= EXERCISE DETAILS =
Going from the top of the data below, give again each line through the one containing "Vous pouvez télécharger", both ends kept.

= EXERCISE MATERIALS =

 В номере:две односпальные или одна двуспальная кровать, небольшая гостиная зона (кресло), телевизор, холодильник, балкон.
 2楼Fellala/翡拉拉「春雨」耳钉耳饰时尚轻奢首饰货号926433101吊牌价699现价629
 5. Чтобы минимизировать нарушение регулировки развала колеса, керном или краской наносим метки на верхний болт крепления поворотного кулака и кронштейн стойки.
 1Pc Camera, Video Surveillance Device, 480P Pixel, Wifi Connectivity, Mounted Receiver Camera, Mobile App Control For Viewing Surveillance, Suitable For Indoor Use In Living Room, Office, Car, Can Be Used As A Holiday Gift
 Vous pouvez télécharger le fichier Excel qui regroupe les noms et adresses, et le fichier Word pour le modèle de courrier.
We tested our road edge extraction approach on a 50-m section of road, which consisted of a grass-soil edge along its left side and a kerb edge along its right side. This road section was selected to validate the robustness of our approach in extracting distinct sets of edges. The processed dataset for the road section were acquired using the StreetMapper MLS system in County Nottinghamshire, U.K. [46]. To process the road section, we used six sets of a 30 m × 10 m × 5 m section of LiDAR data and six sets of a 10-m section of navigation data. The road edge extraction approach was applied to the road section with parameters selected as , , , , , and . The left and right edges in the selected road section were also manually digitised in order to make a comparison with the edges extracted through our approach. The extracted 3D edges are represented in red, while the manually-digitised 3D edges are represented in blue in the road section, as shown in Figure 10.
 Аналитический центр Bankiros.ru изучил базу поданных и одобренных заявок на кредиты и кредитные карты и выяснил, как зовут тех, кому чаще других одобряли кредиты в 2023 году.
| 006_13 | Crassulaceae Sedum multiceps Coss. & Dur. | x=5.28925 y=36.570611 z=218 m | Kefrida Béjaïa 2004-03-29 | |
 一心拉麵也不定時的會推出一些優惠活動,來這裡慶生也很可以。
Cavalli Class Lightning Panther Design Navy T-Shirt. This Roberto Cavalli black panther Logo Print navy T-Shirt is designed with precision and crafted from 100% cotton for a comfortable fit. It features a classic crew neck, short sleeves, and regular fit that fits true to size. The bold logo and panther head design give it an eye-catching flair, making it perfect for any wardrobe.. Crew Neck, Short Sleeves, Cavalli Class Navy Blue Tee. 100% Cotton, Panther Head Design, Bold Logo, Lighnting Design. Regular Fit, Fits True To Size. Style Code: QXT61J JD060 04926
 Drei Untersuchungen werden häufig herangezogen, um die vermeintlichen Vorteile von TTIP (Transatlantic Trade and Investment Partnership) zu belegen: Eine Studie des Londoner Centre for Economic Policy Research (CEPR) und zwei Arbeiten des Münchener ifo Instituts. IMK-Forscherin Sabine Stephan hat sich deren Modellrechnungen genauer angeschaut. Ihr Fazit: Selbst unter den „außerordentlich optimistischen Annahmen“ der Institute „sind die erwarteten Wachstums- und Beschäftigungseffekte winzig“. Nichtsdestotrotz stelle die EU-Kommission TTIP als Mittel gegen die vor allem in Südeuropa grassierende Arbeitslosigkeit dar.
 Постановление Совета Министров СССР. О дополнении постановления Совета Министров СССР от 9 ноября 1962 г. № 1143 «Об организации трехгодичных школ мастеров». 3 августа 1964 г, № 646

= YOUR SOLUTION =
 В номере:две односпальные или одна двуспальная кровать, небольшая гостиная зона (кресло), телевизор, холодильник, балкон.
 2楼Fellala/翡拉拉「春雨」耳钉耳饰时尚轻奢首饰货号926433101吊牌价699现价629
 5. Чтобы минимизировать нарушение регулировки развала колеса, керном или краской наносим метки на верхний болт крепления поворотного кулака и кронштейн стойки.
 1Pc Camera, Video Surveillance Device, 480P Pixel, Wifi Connectivity, Mounted Receiver Camera, Mobile App Control For Viewing Surveillance, Suitable For Indoor Use In Living Room, Office, Car, Can Be Used As A Holiday Gift
 Vous pouvez télécharger le fichier Excel qui regroupe les noms et adresses, et le fichier Word pour le modèle de courrier.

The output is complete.